The Writer’s Workshop pushes students to research, think critically and – of course – write. It also allows students within their own constant writing to explore, experiment, and strengthen skills.

According to the November and December “Spartan News” district newsletter article written by Crystal Hintzman, Director of Curriculum, Instruction and Assessment to inform parents about the changes, the Writer’s Workshop gives “opportunities for students to develop collaborative conversations to enhance their learning.”

“The idea is that you give the students many opportunities to write, and the teachers provide feedback on that writing,” said Hintzman

Students are exposed to a wide variety of writing by published authors, which they use as models for their own writing. This concept also allows students to get used to writing more often and think less about a singular final product. Hintzman explained in the article in the November and December “Spartan News” that students will be given “Writer-Reader Notebooks as a place to practice their writing craft as they learn from their teacher, peers, and other authors.”

One exercise, in English teacher Lynn Krause’s class, required students to create a visual storyboard showing the complexity of plot in their story. The storyboard “helps recognize plots in stories, which was more fun than plotting on Google Docs,” freshman Brooke Hendry said.

In the 2013-14 school year, Writer’s Workshop was introduced into the elementary schools in the school district by a group of teachers, administration, and staff after research on its benefits in the classroom.

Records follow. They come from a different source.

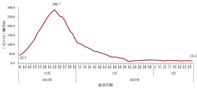 (一)总体就诊人数结果。全国(不含港澳台)发热门诊(诊室)就诊人数于2022年12月23日达到峰值286.7万人次,随后连续下降;2023年1月23日后就诊人数呈现低位波动,2月16日为12.4万人次,较峰值下降了95.7%(图2-1)。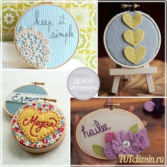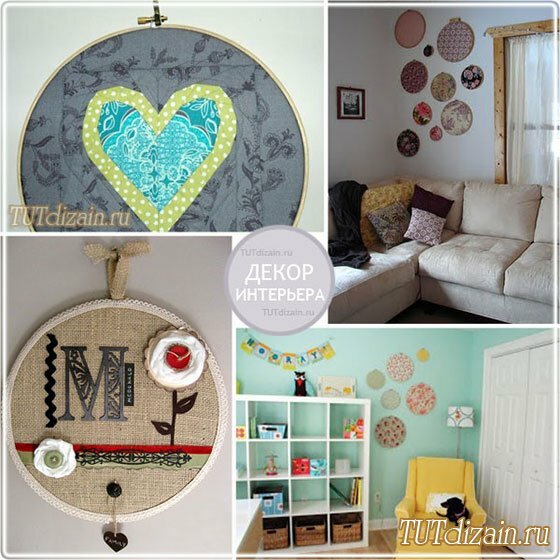 У нас на tutdizain.ru собралась огромная коллекция вариантов использования пяльцев в декоре интерьера. Такая не дорогая и не сложная идея заслуживает должного внимания, так как способна привнести определенную изюминку в оформление дома.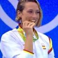 La catalana Mireia Belmonte se emociona escuchando el himno nacional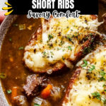 - Serve: Ladle the short rib and onion mixture into bowls. Top each with cheesy toast, freshly ground black pepper, and a sprinkle of fresh thyme leaves. Enjoy hot.
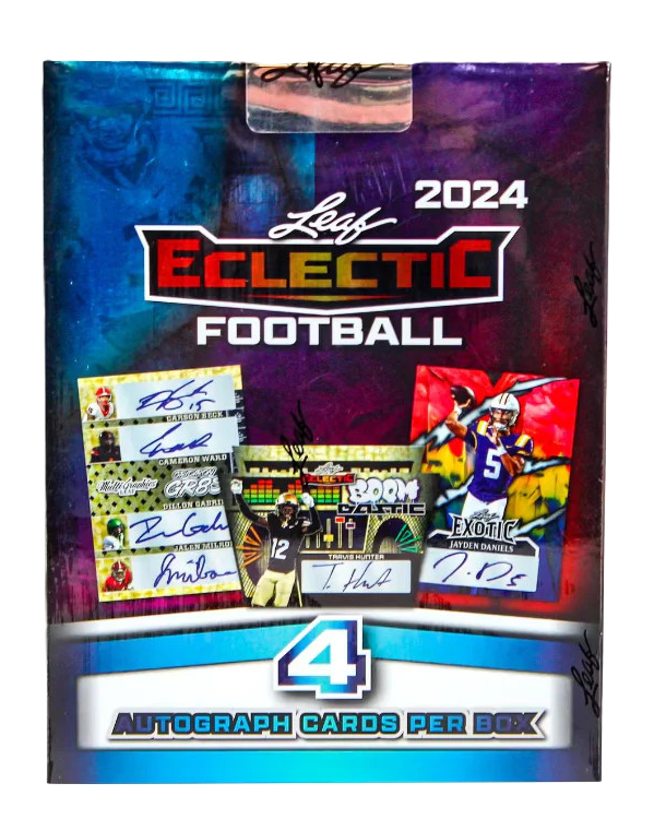 Hobby Box Configuration – 4 Autograph Cards Per Box 2024 Leaf Eclectic Football brings you some of the top Leaf brands from the past and present! Collectors will find an incredible checklist of for…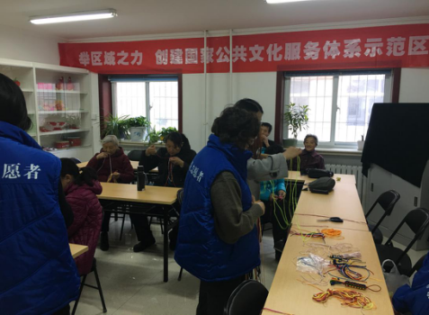 为了丰富社区特殊人群(残障人士)的业余文化生活,锻炼大家的动手能力。我花园村社区于2017年12月13日下午,在甘家口街道社区服务中心活动室组织居民开展了手工编织活动,我们请到了专业老师为大家授课。编织活动计划将进行常态化每周有一次活动,这次活动编织手链,社区居民10多人参加了此次活动。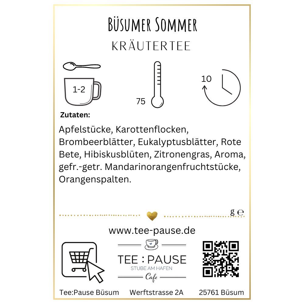 Diese milde, abgestimmte Kreation gewinnt fruchtige Süße aus Apfelstücken und Karottenflocken und einen Hauch Frische von Eukalyptusblättern, Zitronengras, Mandarinorangenfruchtfleisch und einer Nuance Hibiskus. Rote-Beete-Stücke sorgen für die satte Tassenfarbe mit leicht erdiger Geschmacksnote. Orangenspalten mit getrocknetem Fruchtfleisch verweisen dezent auf die geschmacklichen Aromennoten von frischen Zitrusfrüchten. Alles in allem eine perfekte Komposition.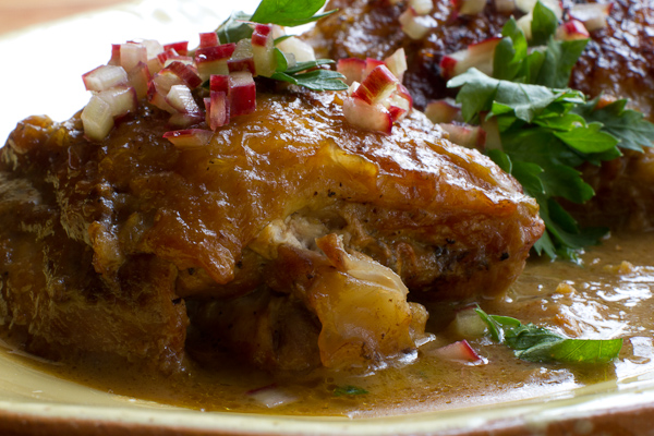 The original recipe didn’t include the rhubarb dice garnish. Again, my hands were in control. I couldn’t help myself. The thighs needed a little blush. Bear in mind that the garnish is just a visual element. Keep the dice small and use just a sprinkle, so that no one gets a mouthful of raw rhubarb, fun as this may sound.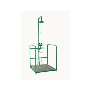Conjunto de ducha sobre puerta y lavaojos funcionamiento palanca manual lateral fabricado en acero galvanizado pintado epoxy color verde.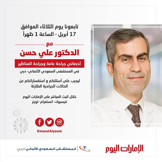 تابعونا، الآن في تمام الساعة الواحدة ظهرا، ببث مباشر مع الدكتور علي حسن، أخصائي جراحة عامة وجراحة المناظير، في المستشفى السعودي الألماني - دبي للحديث والإجابة على اسئلتكم واستفساراتكم عن الحالات الجراحية الطارئة.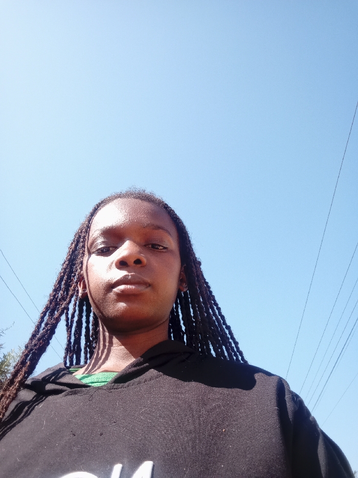 - "A low-angle outdoor portrait depicts an individual with dark skin and dark braided hair, looking directly at the camera with a neutral expression" by FM-iEAFO2, licensed under CC BY 4.0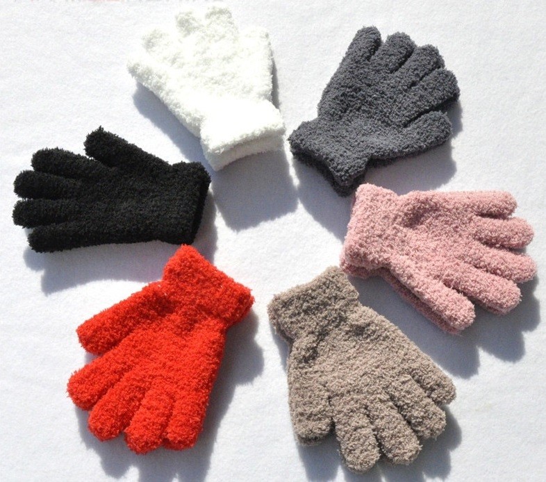Μονοχρωματικά παιδικά δαχτυλογάντια από μαλακό χνουδωτό υλικό.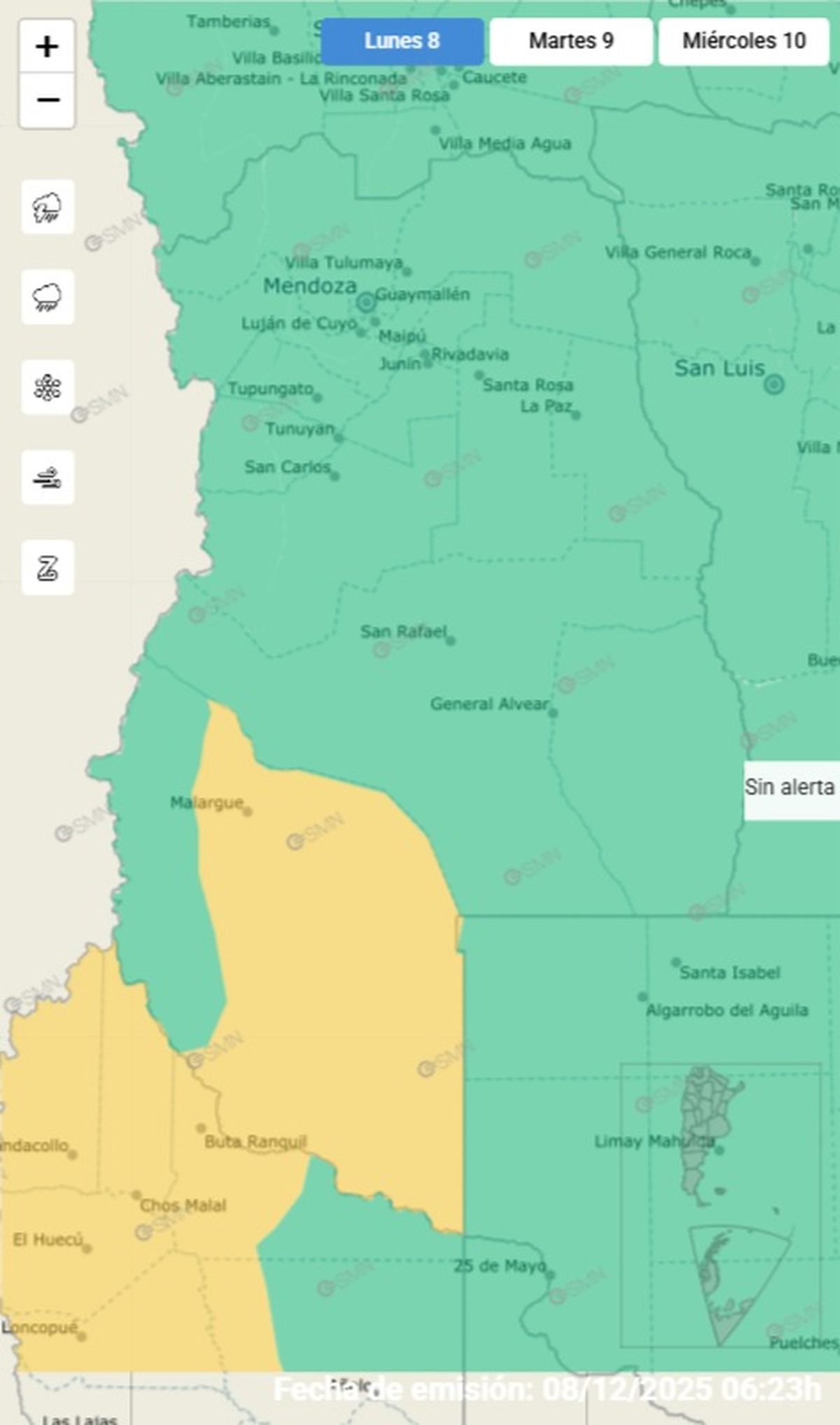 El Servicio Meteorológico Nacional emitió un alerta por la llegada de fuertes tormentas en el departamento de Malargüe.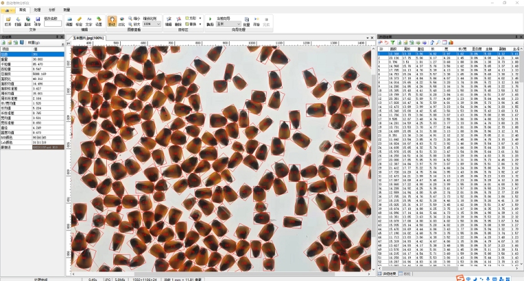5、能自动测出各类粘连种粒的每粒粒形参数(长、宽、长宽比、面积、等效直径、周长等),能精准显示种粒外接矩形,并可自动排序输出,及可输出粒径分布图表。

As these students made their way up into the middle school the district integrated it into curriculum there as well.

“The SHS ELA teachers visited SMS in the spring of 2018 to observe it in action. The decision was collaboratively made to try out this model in the 9th-grade language arts classes at the high school,” Hintzman said.

The model is intended to give students “multiple opportunities for students to plan their writing, create a draft, receive ongoing feedback from teacher and peers, make revisions, and celebrate their growth as writers,” Hintzman wrote in the November and December “Spartan News” article.

When 9th grade English teacher Olivia White gives a writing assignment to her students, she writes alongside them. This allows her students to edit and make suggestions for everyone’s paper, including her own.  Then they can all improve their writing, students and teacher alike, which creates that workshop environment, as opposed to a traditional teacher-lecture style of class.

“We teachers want to see our students continue to grow and develop as writers,” White said.

Freshman Morgan Evans, one of White’s students likes the idea of Writer’s Workshop because of its consistent structure. She also likes being able to receive feedback from friends and classmates.

“It’s helpful to have student feedback along with teacher input,” Evans said.

Freshman Brodie Raygor, another one of White’s students has found a benefit to doing it because it helps him to better understand topics he writes about. On the other hand, he thinks it sometimes gets in the way.

“I wish we could only type,” Raygor said. “Writing on paper is boring.”

Hintzman says that the plan is for the Writer’s Workshop is to continue to expand throughout the high school language department as the current freshmen move up.